Task details → Output nothing but the lines from the beginning of the listing below through the line containing "22일 오후 서울 잠실구장에서", exactly as they stand, without pictures.

Available data →
####################
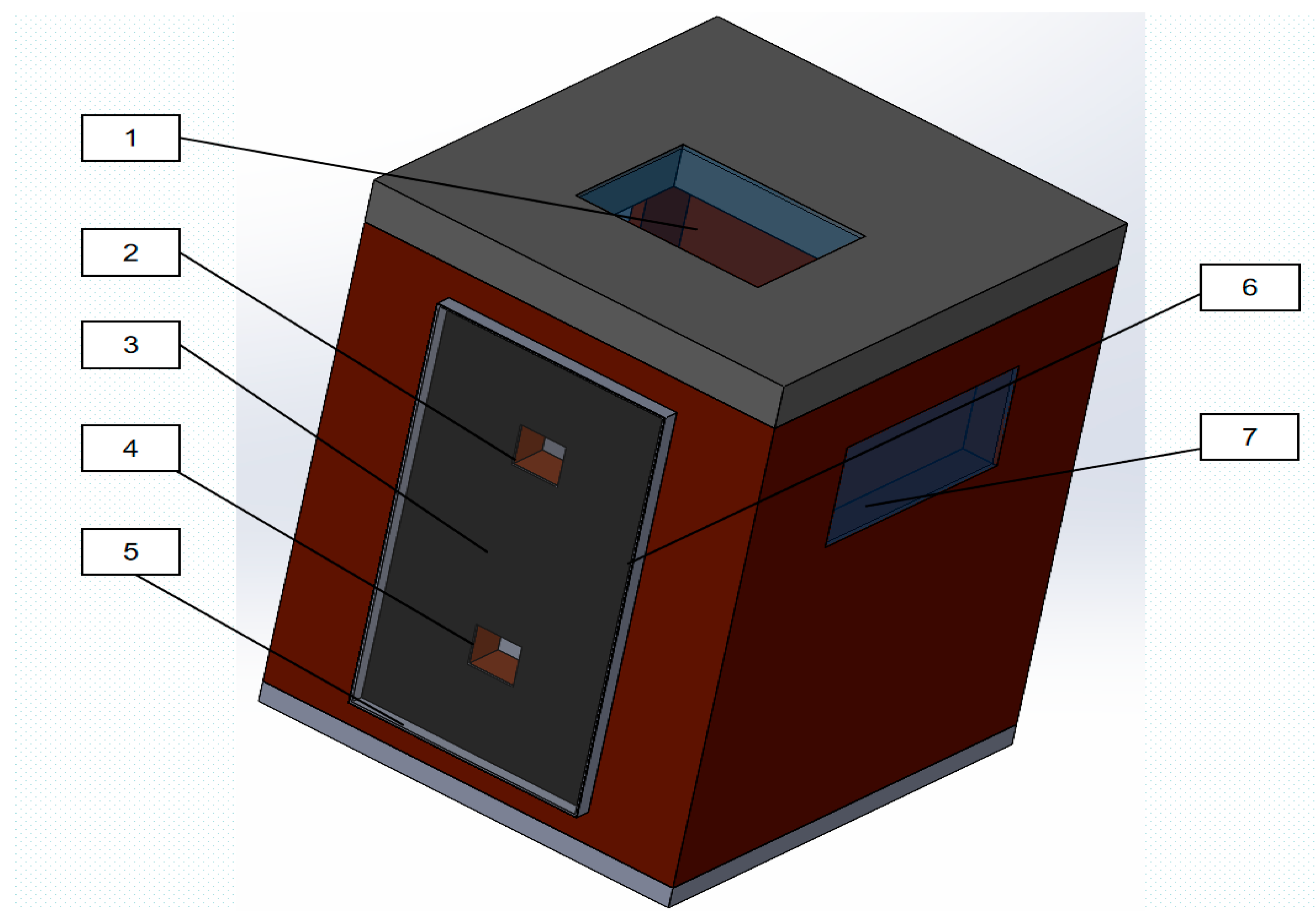 | The collector wall of the toilet | 10 mm black aluminum absorber plate | - | 203 | 0.92 |
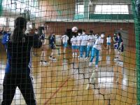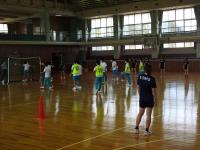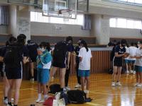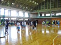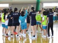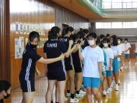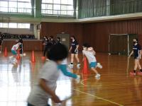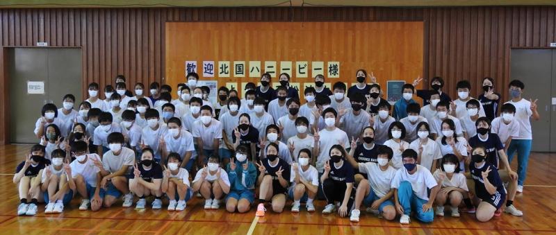 北國銀行ハンドボールチーム『Honey Bee』(以下ハニービー)をお招きして,表記のスポーツ教室を開催しました。ハニービーは現在日本リーグ7連覇中で先の東京オリンピックにも選手を5名輩出した名門です。本日は角南選手,塩田選手のオリンピアンを始めとした17選手と3名のスタッフに,ハンドボール競技のルールからゲームまで教えていただきました。選手の皆さんのアットホームな掛け声と丁寧なご指導で,生徒たちはたちまちハンドボールのとりこになったようです。人気のポジションはゴールキーパーでした!? また,シュートを打つのもなかなかのものでしたよ。トリは3年男子同士のゲーム,本気でした。終了後はちゃっかりサインをもらう生徒も!詳細はお子様からお聞きください。
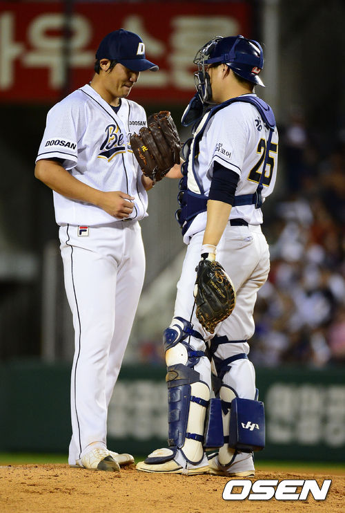 22일 오후 서울 잠실구장에서 열린 '2013 한국야쿠르트 세븐 프로야구' 두산 베어스와 KIA 타이거즈의 경기, 6회말 2사 만루 두산 양의지가 마운드에 올라 이용찬과 이야기를 나누고 있다.
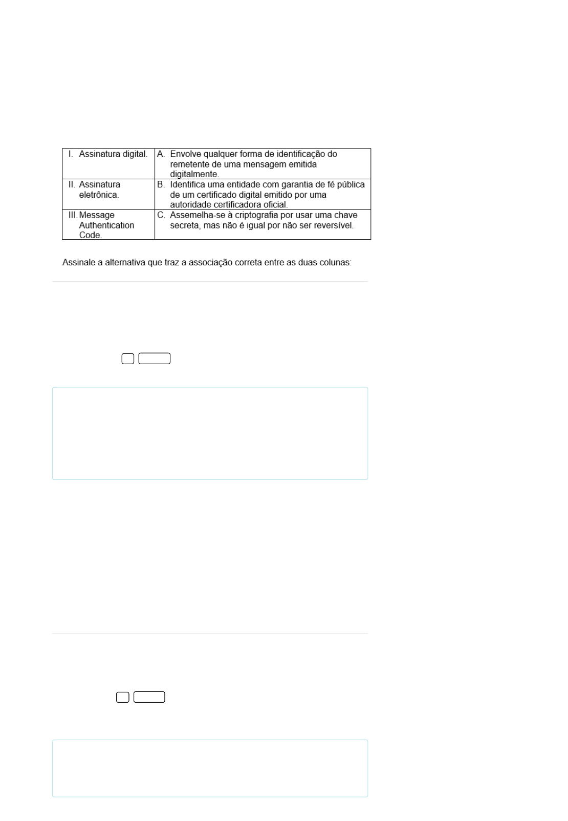 Função de criptografia HASH Professor(a): Marcelo Ferreira Zochio (Mestrado acadêmico) 1) 2) Prepare-se! Chegou a hora de você testar o conhecimento adquirido nesta disciplina. A Avaliação Virtual (AV) é composta por questões objetivas e corresponde a 100% da média final. Você tem até cinco tentativas para “Enviar” as questões, que são automaticamente corrigidas. Você pode responder as questões consultando o material de estudos, mas lembre-se de cumprir o prazo estabelecido. Boa prova! Leia e associe as duas colunas: Alternativas: I – C; II – B; III – A. I – C; II – A; III – B. I – A; II – C; III – B. I – B; II – A; III – C. CORRETO I – A; II – B; III – C. Código da questão: 57785 Sobre a assinatura digital, considere as seguintes afirmações e classifique-as em verdadeiras (V) ou falsas (F): ( ) Garante confidencialidade do documento assinado. ( ) Garante integridade do documento assinado. ( ) Garante a impossibilidade de repúdio do documento assinado. ( ) É realizada cifrando o documento com a chave pública. ( ) É conhecida também como assinatura eletrônica. Assinale a alternativa que contenha a sequência correta: Alternativas: V – F – F – V – F. F – V – F – V – F. F – V – V – F – F. CORRETO V – V – F – V – F. V – F – F – V – V. Código da questão: 57782 Resolução comentada: assinatura digital tem fé pública, pois é feita com um certificado digital emitido por uma autoridade certificadora oficial. Assinatura eletrônica apenas identifica de alguma forma o remetente de alguma mensagem, sem envolver assinatura digital. O Message Authentication Code usa uma chave secreta para gerar blocos de tamanho fixo usados para verificação de integridade. Resolução comentada: assinatura digital garante integridade do documento e a impossibilidade de repúdio dele. 3) 4) 5) Certificados digitais são classificados também quanto ao seu tempo de uso e hardware usado para ser instalado. Entre os modelos existentes, há o A1. Esse modelo de certificado caracteriza-se por: Alternativas: Possuir a validade de um ano. CORRETO Possuir validade infinita. Possuir a validade de um mês. Ser instalado em um token ou cartão. Possuir apenas uma chave, a pública. Código da questão: 57791 Se você quiser manter uma comunicação sigilosa com alguém, seguindo o princípio da confidencialidade, você deve usar criptografia. Sobre ela, classifique as afirmativas em verdadeiras (V) ou falsas (F): ( ) Criptografia assimétrica é mais segura que criptografia simétrica porque usa duas chaves, uma pública e outra privada. ( ) Para garantir sigilo nas comunicações usando criptografia assimétrica, você deve cifrar suas mensagens usando sua chave privada, pois ela garante privacidade. ( ) Para garantir sigilo nas comunicações usando criptografia assimétrica, você deve cifrar suas mensagens usando a chave pública do destinatário. ( ) Criptografia simétrica tem sua segurança garantida no tamanho da chave usada na cifra. ( ) RSA e AES são algoritmos de criptografia simétrica. Assinale a alternativa que contenha a sequência correta: Alternativas: V – F – V – F – F. F – V – F – V – F. F – F – V – V – F. CORRETO V – V – F – V – F. F – V – F – F – F. Código da questão: 57737 O sistema de criptografia ElGamal se baseia em______ para manter sua ________. Alternativas: Mangaritmos indiscretos; estabilidade. Logaritmos indiscretos; segurança. Logaritmos infinitos; segurança. Logaritmos discretos; segurança. CORRETO Mangaritmos discretos; estabilidade. Resolução comentada: certificados digitais do tipo A1 possuem um ano de validade e são instalados nos computadores, geralmente no navegador de internet. Resolução comentada: criptografia simétrica não é mais segura que criptografia assimétrica e vice-versa. Para garantir sigilo nas comunicações usando criptografia assimétrica, você deve cifrar suas mensagens usando a chave pública do destinatário, pois ele poderá decifrar a mensagem enviada com a chave privada dele. RSA é um algoritmo de criptografia assimétrica, e AES, um algoritmo de criptografia simétrica. 6) 7) Código da questão: 57750 Você interceptou duas mensagens cifradas exclusivamente com a operação XOR no modo de operação cifra de fluxo. Considere as afirmações a seguir: I. Se elas tiverem sido geradas usando o conceito do one-time pad, será impossível decifrá- las. II. Se elas tiverem senhas diferentes, há grandes chances de quebra da criptografia dessas mensagens. III. Mesmo com o one-time pad, elas não estarão seguras porque foi usada apenas uma operação XOR. IV. Se a chave tiver o mesmo tamanho da mensagem e for uma chave descartável, não sendo mais usada, a mensagem estará segura contra ataques de criptoanálise. V. O fato de você interceptar duas mensagens codificadas quer dizer que a criptografia está comprometida. São verdadeiras: Alternativas: I – II – V. INCORRETO I – II – III. III – IV – V. II – IV – V. I – II – IV. CORRETO Código da questão: 57711 A certificação digital no Brasil é gerenciada pela ICP-Brasil. Considerando a estrutura organizacional dessa entidade governamental, podemos afirmar que: I. Uma autoridade certificadora pode ser também uma autoridade de registro. II. Uma autoridade certificadora não pode ser uma autoridade de registro. III. Certificados tipo A1 têm seu prazo de validade por um ano e são obrigatoriamente instalados em hardware externo. IV. Certificados tipo A3 têm seu prazo de validade por três anos e são instalados no navegador de internet. V. A lei que regula a certificação digital no Brasil é uma Medida Provisória. São verdadeiras: Alternativas: II – III – IV. II – V. I – II – IV. I – V. CORRETO I – III. Resolução comentada: o sistema ElGamal se baseia no princípio do uso de logaritmos discretos para manter sua segurança
####################
The answer →
 | The collector wall of the toilet | 10 mm black aluminum absorber plate | - | 203 | 0.92 |
 北國銀行ハンドボールチーム『Honey Bee』(以下ハニービー)をお招きして,表記のスポーツ教室を開催しました。ハニービーは現在日本リーグ7連覇中で先の東京オリンピックにも選手を5名輩出した名門です。本日は角南選手,塩田選手のオリンピアンを始めとした17選手と3名のスタッフに,ハンドボール競技のルールからゲームまで教えていただきました。選手の皆さんのアットホームな掛け声と丁寧なご指導で,生徒たちはたちまちハンドボールのとりこになったようです。人気のポジションはゴールキーパーでした!? また,シュートを打つのもなかなかのものでしたよ。トリは3年男子同士のゲーム,本気でした。終了後はちゃっかりサインをもらう生徒も!詳細はお子様からお聞きください。
 22일 오후 서울 잠실구장에서 열린 '2013 한국야쿠르트 세븐 프로야구' 두산 베어스와 KIA 타이거즈의 경기, 6회말 2사 만루 두산 양의지가 마운드에 올라 이용찬과 이야기를 나누고 있다.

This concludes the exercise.